START Records for the task

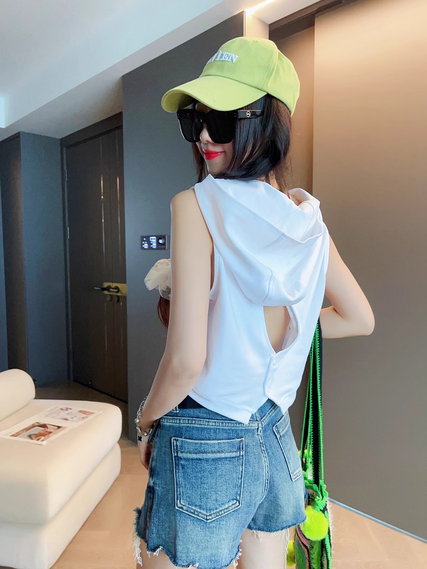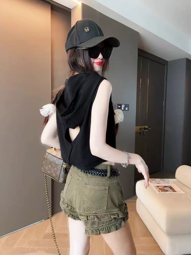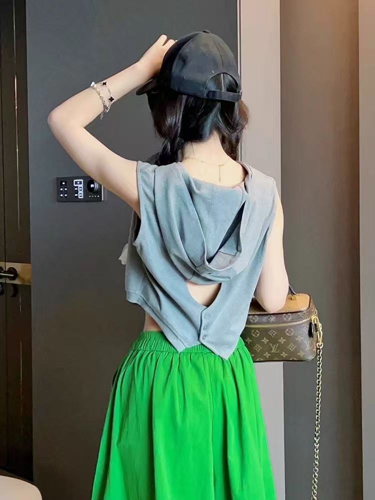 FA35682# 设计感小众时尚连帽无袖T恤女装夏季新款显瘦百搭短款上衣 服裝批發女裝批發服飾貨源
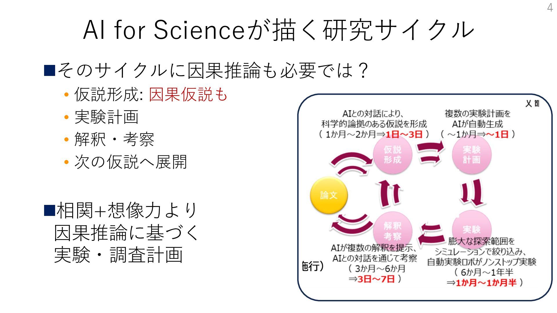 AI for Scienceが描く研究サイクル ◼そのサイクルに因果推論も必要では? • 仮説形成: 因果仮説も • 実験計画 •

END Records for the task
START Records for the task

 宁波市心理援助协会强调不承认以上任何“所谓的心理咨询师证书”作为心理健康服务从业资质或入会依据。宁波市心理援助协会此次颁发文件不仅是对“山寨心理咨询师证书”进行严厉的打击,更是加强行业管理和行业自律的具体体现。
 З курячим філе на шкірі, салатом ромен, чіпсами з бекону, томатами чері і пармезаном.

END Records for the task

▶ [Aim of the exercise]:
From the records above, copy out the line with "宁波市心理援助协会强调不承认", the line with "З курячим філе", and every line between them, word for word.

▶ [Task solution]:
 宁波市心理援助协会强调不承认以上任何“所谓的心理咨询师证书”作为心理健康服务从业资质或入会依据。宁波市心理援助协会此次颁发文件不仅是对“山寨心理咨询师证书”进行严厉的打击,更是加强行业管理和行业自律的具体体现。
 З курячим філе на шкірі, салатом ромен, чіпсами з бекону, томатами чері і пармезаном.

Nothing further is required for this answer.